Techno Brésil: Felipe Neto, le youtuber qui défie Bolsonaro

AFP

7.10.2020 - 10:49

Habitué à faire rire les jeunes avec ses vidéos sur Youtube, Felipe Neto est devenu une personnalité de premier plan du débat politique au Brésil défiant le président d'extrême droite Jair Bolsonaro et s'exposant au discours de haine de certains de ses partisans.

«Ce qui dérange tellement le gouvernement, c'est que beaucoup de gens sont d'accord avec moi, et ça se passe justement là où ils sont d'habitude en terrain conquis, sur internet», explique-t-il dans un entretien par courriel à l'AFP.

Fort de 39,7 millions d'abonnés sur Youtube et 12,4 millions sur Twitter, ce jeune homme de 32 ans né dans un quartier populaire de Rio de Janeiro est l'un des deux Brésiliens qui figurent sur la liste des 100 personnalités les plus influentes du monde du magazine américain Time. Le deuxième est le président Bolsonaro.

QUESTION : Vous continuez à penser que Jair Bolsonaro est «le pire président du monde» pour le combat contre la pandémie de coronavirus, comme vous l'aviez dit en juillet au New York Times ?

RÉPONSE : «C'est le pire président au monde non seulement en ce qui concerne la pandémie, mais aussi en matière d'environnement. Je n'ai pas le moindre doute là-dessus. Mais il est mauvais dans presque tous les domaines. L'économie va de mal en pis, notre politique étrangère est inexistante, nous sommes une blague pour le monde entier. Le Brésil est en train de s'enfoncer».

Q : Avez-vous pensé à abandonner après les attaques des pro-Bolsonaro ?

R : «Pour moi, me taire n'est pas une option (...) Ils ont tout fait pour salir mon nom, me traiter de pédophile, d'escroc, de communiste. Mais ils n'ont pas réussi à détruire ma réputation. Au contraire, ça n'a fait que renforcer mon image. Puis, du jour au lendemain, ces attaques coordonnées sur internet ont cessé».

- «Je ne regrette rien» -

Q : Pourquoi avez-vous décidé d'assumer publiquement vos positions politiques ?

R : «J'ai commencé à faire des vidéos sur Youtube très jeune et j'ai mûri sous le regard de beaucoup de gens. J'ai commis beaucoup d'erreurs, j'en commets encore, mais je me suis engagé à étudier et à tenter d'évoluer en permanence. J'ai toujours parlé de politique (il a critiqué par le passé le Parti des travailleurs de l'ex-président de gauche Lula, ndlr). Le problème, c'est que la situation politique du pays a changé et beaucoup de gens se sont rendu compte de l'abîme dans lequel on était plongé».

Q : Quelles ont été les conséquences de cet engagement ?
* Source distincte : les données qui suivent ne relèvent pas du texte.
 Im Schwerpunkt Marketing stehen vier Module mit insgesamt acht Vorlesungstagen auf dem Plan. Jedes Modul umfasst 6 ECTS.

R : «Financièrement, ça m'a coûté très cher. Actuellement, je n'ai plus le moindre sponsor qui me soutient sur le long terme. Les entreprises se sont éloignées, des contrats de sponsors n'ont pas été renouvelés, même si je continue à battre tous les records en termes d'interactivité avec les internautes et de retour pour les marques. J'ai perdu des millions de réais.

Ça m'a aussi coûté ma liberté, parce que j'ai dû avoir recours à une sécurité renforcée à cause de menaces que j'ai reçues. J'ai peur pour ma famille. Mais je ne regrette rien et je peux dormir tranquille chaque soir, en sachant que je fais tout ce que je peux pour combattre le fascisme».
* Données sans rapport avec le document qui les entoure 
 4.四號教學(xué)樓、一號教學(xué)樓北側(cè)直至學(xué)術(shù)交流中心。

Q : Comment avez-vous réagi après avoir vu votre nom figurer sur la liste des 100 personnalités les plus influentes du monde de Time ?
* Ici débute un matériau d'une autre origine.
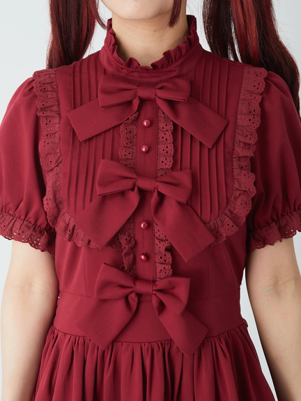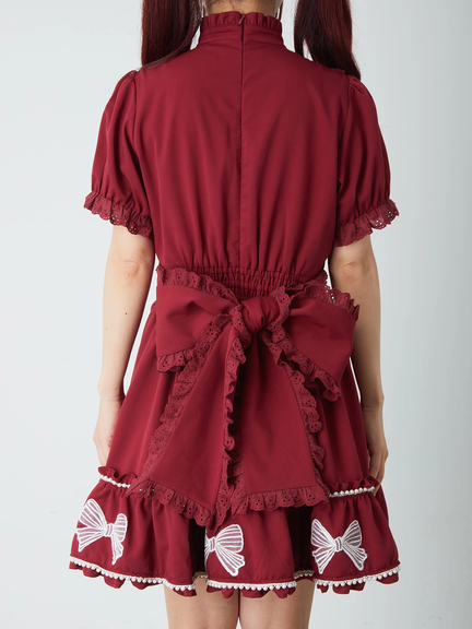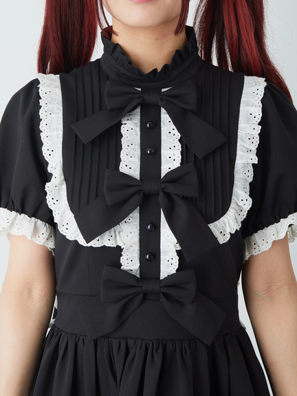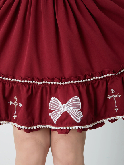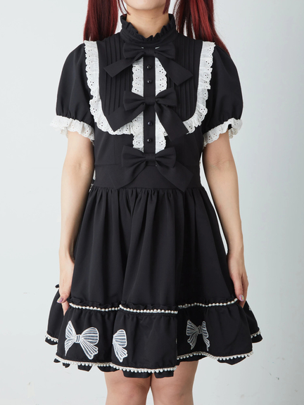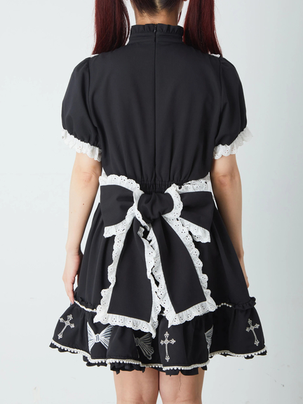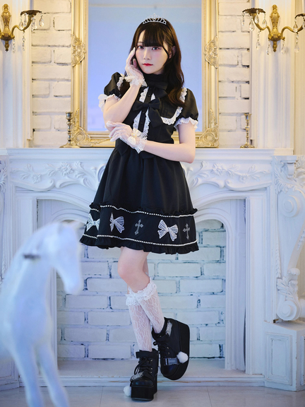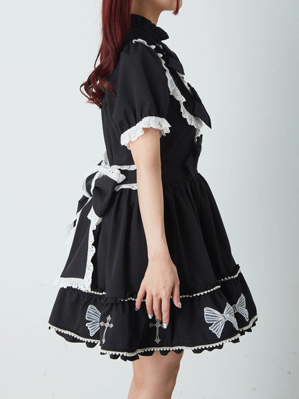 リボンデザインで、ガーリーニュアンスが加速するゴシックワンピースのお目見えです♪ フロントとバックに、リボンが、ほどこされて、可愛らしく、スタイリングの好アクセントとして、着映えします。裾には、クロスとリボンのプリントが、あしらわれて、甘辛テイストをON◎ フリルをふんだんに使い、甘さがあふれます。ハイウエストなシルエットに、ボリュームのメリハリがあり、旬なゴシックガールを演出してくれます★

R: C'était une énorme surprise. Seuls 12 Brésiliens dans l'histoire y ont figuré et c'est la première fois que quelqu'un issu du secteur du divertissement est cité. C'est un grand honneur, et ça me fait prendre encore plus conscience de la responsabilité qui est la mienne en raison de cette influence».

Q : Avez-vous l'intention de vous lancer dans une carrière politique ?

R: «Non, le monde de la politique ne m'attire pas, je pense que je peux faire beaucoup plus en dehors, notamment avec la société civile, les ONG».